Insurgency – Rebel or Belligerent – The Grant Protocol

There is a general bias in international law towards stability.  As a result, the international community is reluctant to recognize internal rebellion or insurgents with international recognition.  As a result, the approach is generally to treat the insurgency as an internal rebellion, and therefore international law has no jurisdiction.  There is an overwhelming belief across the international community due to the breakup of several countries in the last 40 years, that it should be very difficult to achieve international recognition for an insurgent group, in the interest of self preservation and precedent.

The elements for recognition of an insurgency under international law have developed over the past 40 years in response to instability.  The recognition is conditioned on the rebels having effective control over territory, that territory should be occupied and controlled persistently, and the insurgency should be by organized forces – political and military.  It is only at that point, and after a number of States extend formal recognition, that international law begins to apply, and the rebels become belligerents.  As belligerents, they are covered by various conventions of international law.
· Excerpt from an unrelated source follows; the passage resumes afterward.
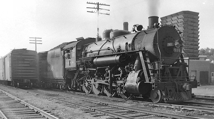 Illinois Central 2-8-0 No. 906 switches in the Bloomington, Illinois yard in September 1954. Originally numbered 989 when delivered in 1911 by Baldwin Locomotive Works, she received her later number in the 1943 Paducah Shops rebuilding of the 900-series Consolidations. As rebuilt, she had the same specifications as No. 902. This engine went to the scrapyard a year after I took this photo.

Ulysses S. Grant, in 1870 and reinforced in 1875, developed the foundation for this analysis for determining whether an insurgency is a rebellion or belligerency.  Grant’s analysis requires that there be sufficient political and military actions so as to assume the appearance and action of a sovereign state.  If left to their own devices, at the time of analysis, the insurgents need to have the control and ability to govern the territory occupied.  Should those conditions be met, protocol would require that the insurgents be treated as belligerents, and the conflict becomes international in nature – the belligerents subject to all the rights and obligations deriving from a conflict jus in bello.

Effectively, the recognition that the conditions of the Grant Protocol exist by other sovereign states is what triggers the recognition of international law in an insurgency.  A statement from the belligerents is insufficient to grant international recognition.  Once this occurs, the belligerents receive the ability to utilize lawful means to enforce international law, may receive aid from third parties – which is otherwise prohibited under international law – and become obligated to follow the same.

It must be remembered that insurgency is transient by nature, and the insurgents will likely achieve their aims and achieve permanence – whether through secession or succession – or will be defeated and revert to rebel or extinct status.The formal status of insurgents under the law has been a significant issue under international law over the last 40 years, and is likely to continue as ethnic and religious groups, such as ISIS and the Kurds in the Middle East conduct insurgency operations to facilitate independence.